╭──

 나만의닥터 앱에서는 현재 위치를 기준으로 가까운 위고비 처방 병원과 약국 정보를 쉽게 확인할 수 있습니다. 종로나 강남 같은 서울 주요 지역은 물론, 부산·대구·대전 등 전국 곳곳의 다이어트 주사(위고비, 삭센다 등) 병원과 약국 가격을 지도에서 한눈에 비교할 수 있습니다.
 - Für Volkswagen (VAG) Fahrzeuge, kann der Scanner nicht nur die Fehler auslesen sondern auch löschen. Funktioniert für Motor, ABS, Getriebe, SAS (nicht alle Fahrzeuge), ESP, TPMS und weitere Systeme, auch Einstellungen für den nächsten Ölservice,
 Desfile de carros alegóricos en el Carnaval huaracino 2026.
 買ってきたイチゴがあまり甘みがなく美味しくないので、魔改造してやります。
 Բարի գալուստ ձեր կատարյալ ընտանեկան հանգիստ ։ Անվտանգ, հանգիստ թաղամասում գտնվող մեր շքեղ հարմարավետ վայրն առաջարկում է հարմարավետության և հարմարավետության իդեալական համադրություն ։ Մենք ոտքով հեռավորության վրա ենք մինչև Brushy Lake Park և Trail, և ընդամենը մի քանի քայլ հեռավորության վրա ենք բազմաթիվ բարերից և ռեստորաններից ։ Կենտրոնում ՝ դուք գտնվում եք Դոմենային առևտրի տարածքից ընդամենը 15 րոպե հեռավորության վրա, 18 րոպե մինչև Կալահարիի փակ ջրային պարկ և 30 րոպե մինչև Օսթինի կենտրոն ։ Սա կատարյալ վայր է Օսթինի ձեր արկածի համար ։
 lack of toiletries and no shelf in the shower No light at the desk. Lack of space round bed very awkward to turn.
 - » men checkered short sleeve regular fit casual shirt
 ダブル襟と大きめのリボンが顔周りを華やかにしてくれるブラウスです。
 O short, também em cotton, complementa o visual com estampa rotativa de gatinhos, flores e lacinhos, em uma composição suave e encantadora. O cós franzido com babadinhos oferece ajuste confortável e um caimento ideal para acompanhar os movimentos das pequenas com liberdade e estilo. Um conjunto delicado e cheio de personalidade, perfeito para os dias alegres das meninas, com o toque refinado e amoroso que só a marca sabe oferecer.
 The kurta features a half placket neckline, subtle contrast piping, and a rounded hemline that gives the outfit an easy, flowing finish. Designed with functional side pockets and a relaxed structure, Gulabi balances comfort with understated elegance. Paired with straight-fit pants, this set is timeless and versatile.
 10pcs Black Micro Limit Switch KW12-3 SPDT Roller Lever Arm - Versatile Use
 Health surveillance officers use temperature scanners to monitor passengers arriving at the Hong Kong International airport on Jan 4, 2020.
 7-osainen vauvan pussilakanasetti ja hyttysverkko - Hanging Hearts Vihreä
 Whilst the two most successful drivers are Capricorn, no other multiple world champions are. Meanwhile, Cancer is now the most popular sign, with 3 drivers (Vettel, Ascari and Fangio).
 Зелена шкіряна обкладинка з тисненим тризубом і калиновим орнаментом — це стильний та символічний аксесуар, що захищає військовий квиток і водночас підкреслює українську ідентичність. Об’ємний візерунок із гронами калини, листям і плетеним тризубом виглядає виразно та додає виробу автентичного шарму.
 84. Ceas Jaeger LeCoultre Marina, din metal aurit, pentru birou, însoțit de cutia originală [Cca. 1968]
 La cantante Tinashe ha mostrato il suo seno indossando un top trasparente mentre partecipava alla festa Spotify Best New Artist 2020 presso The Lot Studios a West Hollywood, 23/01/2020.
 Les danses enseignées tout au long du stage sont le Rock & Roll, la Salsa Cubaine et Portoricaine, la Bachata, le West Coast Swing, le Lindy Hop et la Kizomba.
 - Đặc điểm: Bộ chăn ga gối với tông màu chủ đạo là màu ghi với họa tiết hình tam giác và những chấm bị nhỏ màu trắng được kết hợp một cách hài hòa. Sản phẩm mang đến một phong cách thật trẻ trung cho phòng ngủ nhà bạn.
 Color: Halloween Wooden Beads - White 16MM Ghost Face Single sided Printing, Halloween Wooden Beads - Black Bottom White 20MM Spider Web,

╰──

◆ **EXERCISE OBJECTIVE**
Within the data above, the span starting at the line containing "O short, também" and ending at the line containing "10pcs Black Micro" is to be retyped exactly, with no other lines.

◆ **RESULT OF THIS EXERCISE**
 O short, também em cotton, complementa o visual com estampa rotativa de gatinhos, flores e lacinhos, em uma composição suave e encantadora. O cós franzido com babadinhos oferece ajuste confortável e um caimento ideal para acompanhar os movimentos das pequenas com liberdade e estilo. Um conjunto delicado e cheio de personalidade, perfeito para os dias alegres das meninas, com o toque refinado e amoroso que só a marca sabe oferecer.
 The kurta features a half placket neckline, subtle contrast piping, and a rounded hemline that gives the outfit an easy, flowing finish. Designed with functional side pockets and a relaxed structure, Gulabi balances comfort with understated elegance. Paired with straight-fit pants, this set is timeless and versatile.
 10pcs Black Micro Limit Switch KW12-3 SPDT Roller Lever Arm - Versatile Use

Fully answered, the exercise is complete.